» **Work task**
What is needed is a word-for-word transcript of the listing, free of pictures.

» **Information shown**
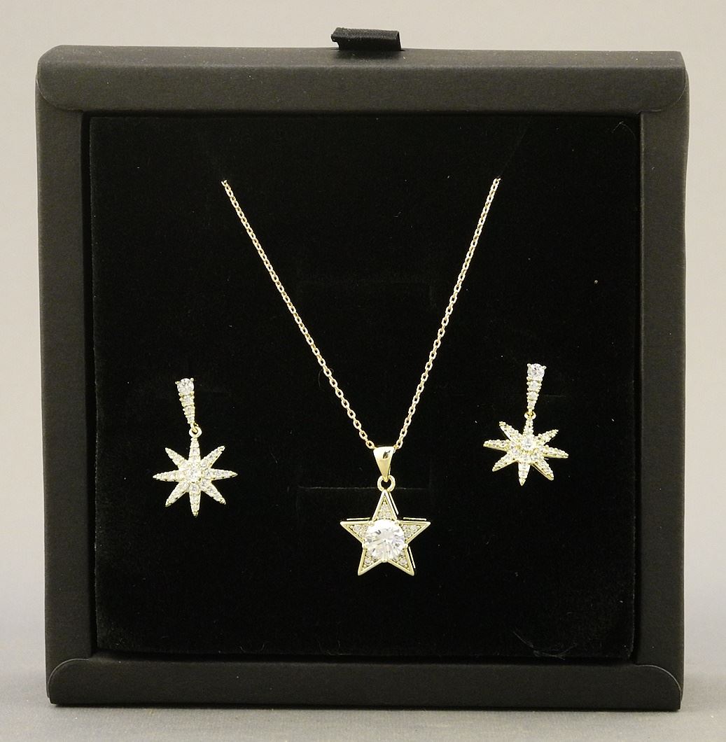 14K Gold Plated 2 Piece Lab Grown Diamond Star Necklace & Earrings.
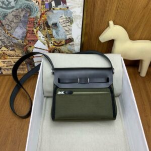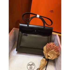 Hermes Herbag Zip 20 Bag in Green Canvas and Black Hunter Calfskin
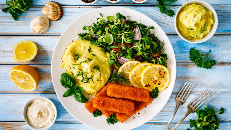 Never again serve up soggy fish sticks and call it a complete meal. Instead, give your dinner a little more care and attention. Pairing this frozen snack with the perfect side dish of satisfying carbs and healthy vegetables is another way to elevate the meal and make it feel like a gourmet experience. A classic side dish that complements fish sticks perfectly is crispy French fries, but you can still get even more imaginative. Consider making crispy sweet potato fries or potato skins, or elevate your fries with crumbled bacon, cheddar cheese, and green onions. The crunchy texture of the fries pairs well with the tender fish inside.
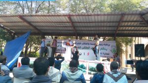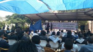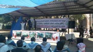 إب نيوز12محرم1439هـ الموافق2017/10/11 :- نظم ملتقى الطالب بجامعة إب اليوم فعالية ثقافية وخطابية احياءا لذكرى عاشوراء والذكرى الاولى لمجزرة الصالة الكبرى التي ارتكبها العدوان بصنعاء.

» **Task result**
 14K Gold Plated 2 Piece Lab Grown Diamond Star Necklace & Earrings.
 Hermes Herbag Zip 20 Bag in Green Canvas and Black Hunter Calfskin
 Never again serve up soggy fish sticks and call it a complete meal. Instead, give your dinner a little more care and attention. Pairing this frozen snack with the perfect side dish of satisfying carbs and healthy vegetables is another way to elevate the meal and make it feel like a gourmet experience. A classic side dish that complements fish sticks perfectly is crispy French fries, but you can still get even more imaginative. Consider making crispy sweet potato fries or potato skins, or elevate your fries with crumbled bacon, cheddar cheese, and green onions. The crunchy texture of the fries pairs well with the tender fish inside.
 إب نيوز12محرم1439هـ الموافق2017/10/11 :- نظم ملتقى الطالب بجامعة إب اليوم فعالية ثقافية وخطابية احياءا لذكرى عاشوراء والذكرى الاولى لمجزرة الصالة الكبرى التي ارتكبها العدوان بصنعاء.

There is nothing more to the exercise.